Little luke looks like he's finished and dbs thinking I can feel a think lol

Well done to all who competed seemed a relaxed atmosphere and friendly!!


----------



## Littleluke (Nov 21, 2005)

Baz is still in shock and is confused why they call me littleluke! lol..

On a serious note.. Us lot always have a laugh at shows as it calms nerves and makes the day go faster! Especially when Baz found out he was on last. All in all it was a real good day.


----------



## LOCUST (May 4, 2006)

Looks like a good day guys, bet it took the nerves away, just having a laugh and stuff.


----------



## DB (Oct 31, 2003)

Littleluke said:


> Baz is still in shock and is confused why they call me littleluke! lol..
> 
> On a serious note.. Us lot always have a laugh at shows as it calms nerves and makes the day go faster! *Especially when Baz found out he was on last. All in all it was a real good day*.

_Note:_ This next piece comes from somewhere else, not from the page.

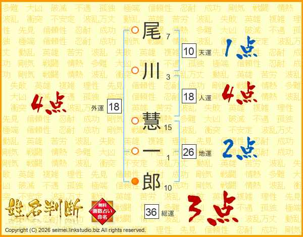 尾(7画)川(3画) 慧(15画)一(1画)郎(10画)
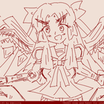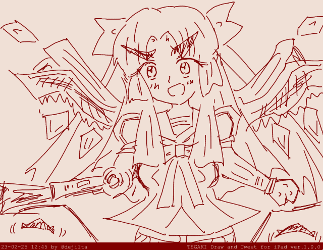 朝倉涼子テキトーアーマー 眉毛はブーメランカッター 右腕はビーム出て銃にも剣にもなる 左腕はロケットパンチ 翼はなんか光って消失させる 胸はデカい スカートの端は鋭利 頭のリボンは自己進化の可能性をリスペクト #tegaki_dt

yeah! Pob was running around trying to find me and i was mincing about out the front on my phone! lol went back stage they were all panicing saying 5 misn till i was on! lol 

We did have a proper laugh at that show! much more fun than the finals.. everyone is too tense there!


----------



## carly (Mar 8, 2008)

DB said:


> yeah! Pob was running around trying to find me and i was mincing about out the front on my phone! lol went back stage they were all panicing saying 5 misn till i was on! lol
> 
> We did have a proper laugh at that show! much more fun than the finals.. everyone is too tense there!


yeh I 2nd that!! was a fab day and had a great laugh, was sooooo good to see you all again, your all fab xxxxxxxxxxxxxxxxxxxxxxxxxxxxxxxxxxxxxxxxxxxxxxxxxxxxxxxxxxxxxxxxxxxx:thumb:


----------



## DB (Oct 31, 2003)

who is going to the stars on the 9th?

I'll be there I think.. should be about 10-15kg heavier than the Hercules


----------



## martinmcg (Jun 30, 2007)

will be there team bio got a couple off lads in show should be nicely into rebound course then:beer:


----------



## Magic Torch (May 30, 2005)

Yup i'll be there dude  gotta check out the competition!


----------



## DB (Oct 31, 2003)

Magic Torch said:


> Yup i'll be there dude  gotta check out the competition!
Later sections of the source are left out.